Here I am today, in my head I’m in a much better place. I still have three kids, but have added two bonus kids and three grandkids to the mix. Hubby and I are still fighting together to make for a better tomorrow. He started a new job and his body is lean and his muscles growing as he works hard. Myself? I started falling backwards….I gained 8 pounds from what I lost. Now that we are financially stable and life isn’t so hard I have to face the hard reality of my weight and my lifestyle.
I am a school bus driver and part of holding a commercial driving license is to qualify to be healthy enough to drive every two years. A huge crack down is happening on professional drivers in making sure we are all healthy. Though the focus is especially on long haul semi drivers it is affecting school bus drivers. A co-worker and friend of mine just went for hers and has to take a sleep study to make sure she doesn’t have sleep apnea. This is great because number one their focus is on health, but she’s not allowed to drive students until she gets that study. That’s putting a huge weight on her pocketbook. She’s going to suffer financially while she waits. I don’t want my health to cause that stress on my family. I also want to be healthy enough to play with my grandkids and see my kids.

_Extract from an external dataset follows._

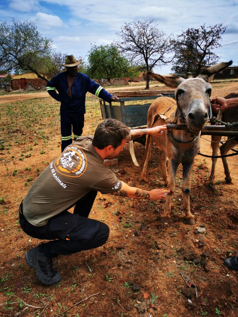We zien vandaag bijvoorbeeld verschillende honden met tvt. Maar jammer genoeg kunnen we enkel de dringendste gevallen meenemen. De kennels op de farm zullen binnenkort een toevluchtsoord bieden voor 8 honden, maar zolang ze niet af zijn moeten we roeien met de riemen die we hebben en kunnen we niet veel honden plaatsen. Dus vertellen we de baasjes dat ze met hun hond moeten langskomen op woensdag of donderdag, wanneer we in Selwane zijn voor het kindproject of het ezelproject, zodat we de situaties kunnen opvolgen en ingrijpen indien het echt dringend is. De vraag is altijd of ze dat ook zullen doen.

So, that being said I’ve restarted my health journey. I am aiming for 2 pounds a week and also fighting my addiction to soda. I am drinking water these days and juice occasionally. Yes, I know how much sugar is in juice but which is better…fresh squeezed orange juice or soda? My eating habits are changing and I am modifying the size of meals. Th biggest thing is activity. I am going to start walking again between morning and afternoon routes but also add in strength training in the evening after dinner.
I may die on this journey, but it won’t be for the lack of trying.